Com o conflito mundial cada vez mais intenso, e o consequente maior envolvimento dos Estados Unidos na guerra, a Mulher-Maravilha passou a ter destaque importante no estímulo das americanas ao patriotismo. Dessa forma, ela foi usada como garota-propaganda, uma espécie de fonte de incentivo para que as esposas assumissem as rédeas do ambiente familiar. Nesse contexto, a figura masculina não era mais a cabeça do lar, já que os maridos, em virtude do compromisso militar obrigatório, encontravam-se ausentes. Com isso, as mulheres foram ao mercado de trabalho e lutaram por seu ganha-pão. Daí em diante, foi apenas um passo para que a personagem fosse transformada em um signo para os ideais feministas.
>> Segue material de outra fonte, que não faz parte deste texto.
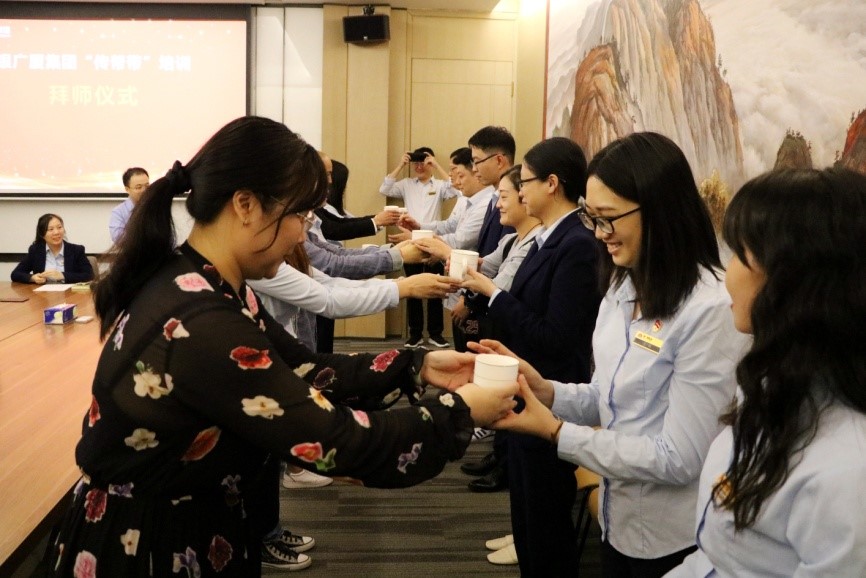“传帮带”培训体现了我司人才培养工作的一大特色,是指由经验丰富的老员工(称为“导师”)对新员工与转岗员工在工作和学习中手把手地传授知识、技能和经验,并给予关怀和帮助,带动“新人”进步的一种人才培养方式。本次举行“传帮带”培训拜师仪式的目的是为了强化导师的身份感,培养学员尊师重道的习惯,明确导师和新员工、转岗员工各自应履行的职责,进而更好地将“传帮带”培训的各项工作落到实处。

Mulher-Maravilha: rumo às telonas
Expandindo sua influência na cultura do entretenimento, a Mulher-Maravilha teve direito, na década de 70, a uma cultuada série de TV protagonizada por Lynda Carter. Apesar do sucesso televisivo, a heroína demorou para receber uma representação no cinema – diferente do homem-morcego e do homem de aço, já retratados em diversas produções cinematográficas ao longo dos anos.
Em 2016, com o lançamento de Batman vs Superman – A Origem da Justiça, e 75 anos após sua criação, a Mulher-Maravilha, finalmente, foi introduzida ao mundo da sétima arte. A participação da personagem no longa recebeu aprovação quase unânime, e ela saiu praticamente incólume dos ataques desferidos à obra. Estava aí pavimentado o caminho para sua aventura solo, que, desde então, viu-se cercada de grandes expectativas. O primeiro filme solo da clássica heroína dos quadrinhos, afinal, também seria a primeira produção do porte a apresentar uma protagonista feminina.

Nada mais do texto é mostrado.